DecisionTreeClassifier(class_weight=None, criterion='gini', max_depth=None,
            max_features=None, max_leaf_nodes=None,
            min_impurity_split=1e-07, min_samples_leaf=1,
            min_samples_split=2, min_weight_fraction_leaf=0.0,
            presort=False, random_state=None, splitter='best')

In [149]:
train_acc_dt=dt.score(X_train,y_train)
print(train_acc_dt)
# cross_acc_dt=dt.score(X_cross,y_cross)
# print(cross_acc_dt)

0.827160493827


## Random forest classifier

## Prediction

as decison tree accuracy is good we will use that.

In [150]:
y_predict_dt=dt.predict(X_test)
print(y_predict_dt.shape)

(418,)


In [151]:
test.head()

Unnamed: 0,PassengerId,Pclass,Name,Sex,Age,SibSp,Parch,Ticket,Fare,Cabin,Embarked,sex_numeric,embar_numeric
0,892,3,"Kelly, Mr.

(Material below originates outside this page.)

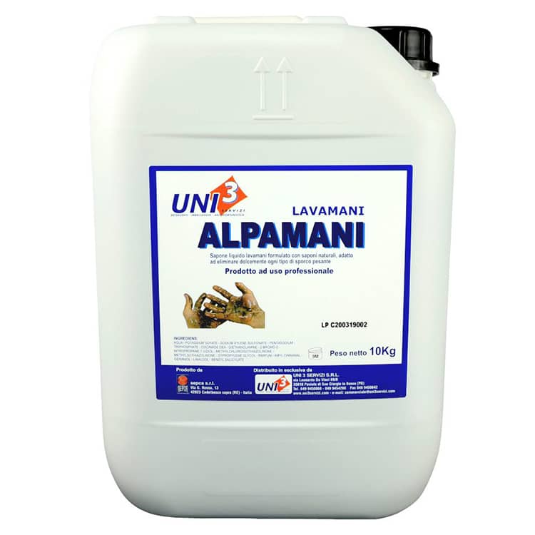 Sapone liquido ALPAMANI , lavamani professionale per sporchi pesanti. Grazie alla sua formulazione con saponi naturali è in grado di eliminare dolcemente anche gli sporchi pesanti. Per la massima efficienza prelevare una dose di prodotto a mani asciutte, frizionare fino alla completa emulsione dello sporco e risciacquare con acqua. Elimina facilmente e delicatamente anche gli sporchi più resistenti. PH7,5.
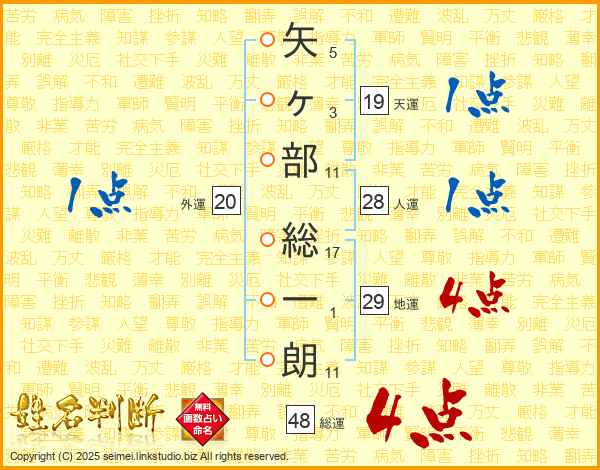 矢(5画)ヶ(3画)部(11画) 総(17画)一(1画)朗(11画)

James",male,2.0,0,0,330911,7.8292,,Q,0,2
1,893,3,"Wilkes, Mrs. James (Ellen Needs)",female,2.0,1,0,363272,7.0,,S,1,0
2,894,2,"Myles, Mr. Thomas Francis",male,3.0,0,0,240276,9.6875,,Q,0,2
3,895,3,"Wirz, Mr. Albert",male,1.0,0,0,315154,8.6625,,S,0,0
4,896,3,"Hirvonen, Mrs. Alexander (Helga E Lindqvist)",female,1.0,1,1,3101298,12.2875,,S,1,0


In [152]:
prediction=test['PassengerId']
prediction=pd.Series.to_frame(prediction)
prediction.head()

Unnamed: 0,PassengerId
0,892
1,893
2,894
3,895
4,896


In [159]:
prediction['Survived']=pd.Series(y_predict_dt)
prediction.head()

Unnamed: 0,PassengerId,Survived
0,892,0
1,893,0
2,894,0
3,895,0
4,896,0


In [158]:
# writing it in new file 
prediction.to_csv("prediction2.csv",index=False)
# got 74.04% accuracy in this. worst than last one. :( :( 
# now got 77.990% in this after changing age feature

In [155]:
y_predict_lr=lr.predict(X_test)
print(y_predict_lr.shape)

(418,)


In [156]:
prediction1=pd.Series.to_frame(test['PassengerId'])
prediction1['Survived']=pd.Series(y_predict_lr)
prediction1.head()

Unnamed: 0,PassengerId,Survived
0,892,0
1,893,0
2,894,0
3,895,0
4,896,1


In [157]:
prediction1.to_csv("prediction2_lr.csv",index=False)    
# i have observed this with last one on which i got 76% and prediction2_lr.csv is same as this one. So 
# i have to improve the algorithm. got 90% in decisioin tree but doesn't work well with test data.